Records for this exercise:
■ ■ ■

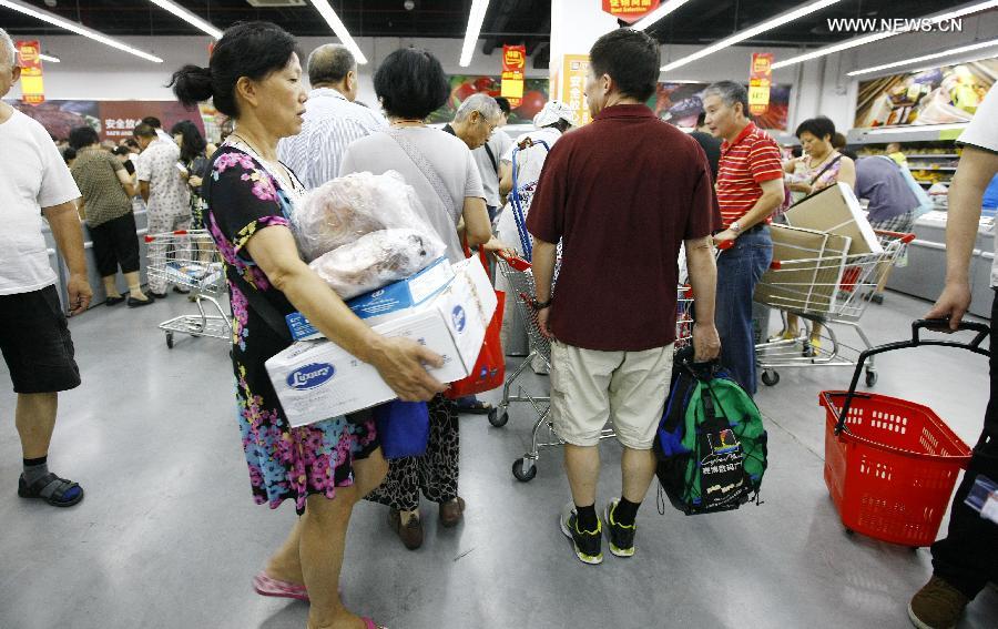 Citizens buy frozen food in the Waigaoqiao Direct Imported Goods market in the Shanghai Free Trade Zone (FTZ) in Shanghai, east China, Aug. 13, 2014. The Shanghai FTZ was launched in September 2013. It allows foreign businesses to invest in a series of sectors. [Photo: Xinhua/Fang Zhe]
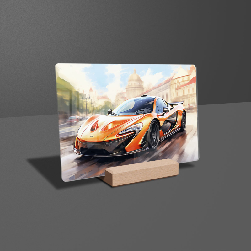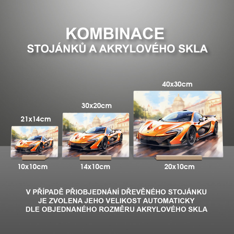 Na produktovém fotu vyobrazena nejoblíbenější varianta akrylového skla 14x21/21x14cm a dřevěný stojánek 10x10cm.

■ ■ ■

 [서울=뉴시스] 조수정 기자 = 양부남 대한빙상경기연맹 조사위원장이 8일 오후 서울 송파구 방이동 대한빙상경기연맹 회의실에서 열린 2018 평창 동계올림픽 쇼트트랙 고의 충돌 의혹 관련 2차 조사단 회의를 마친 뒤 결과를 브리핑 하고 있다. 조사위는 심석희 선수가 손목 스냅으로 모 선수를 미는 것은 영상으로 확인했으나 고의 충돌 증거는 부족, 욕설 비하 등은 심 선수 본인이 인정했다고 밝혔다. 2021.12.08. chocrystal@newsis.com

■ ■ ■

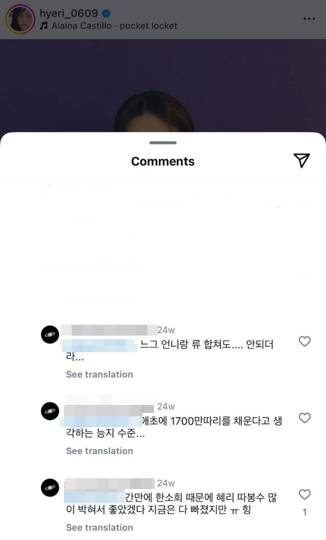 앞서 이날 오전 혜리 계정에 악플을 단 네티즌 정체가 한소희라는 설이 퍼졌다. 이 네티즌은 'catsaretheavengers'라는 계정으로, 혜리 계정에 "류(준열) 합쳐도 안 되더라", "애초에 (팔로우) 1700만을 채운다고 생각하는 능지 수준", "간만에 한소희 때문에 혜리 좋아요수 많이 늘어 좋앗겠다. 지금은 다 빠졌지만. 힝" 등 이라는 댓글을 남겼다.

■ ■ ■

Exercise description: Copy out exactly the material that runs from the line with "Citizens buy frozen" to the line with "Na produktovém fotu", ends included, and leave the pictures behind.

Output below:
 Citizens buy frozen food in the Waigaoqiao Direct Imported Goods market in the Shanghai Free Trade Zone (FTZ) in Shanghai, east China, Aug. 13, 2014. The Shanghai FTZ was launched in September 2013. It allows foreign businesses to invest in a series of sectors. [Photo: Xinhua/Fang Zhe]
 Na produktovém fotu vyobrazena nejoblíbenější varianta akrylového skla 14x21/21x14cm a dřevěný stojánek 10x10cm.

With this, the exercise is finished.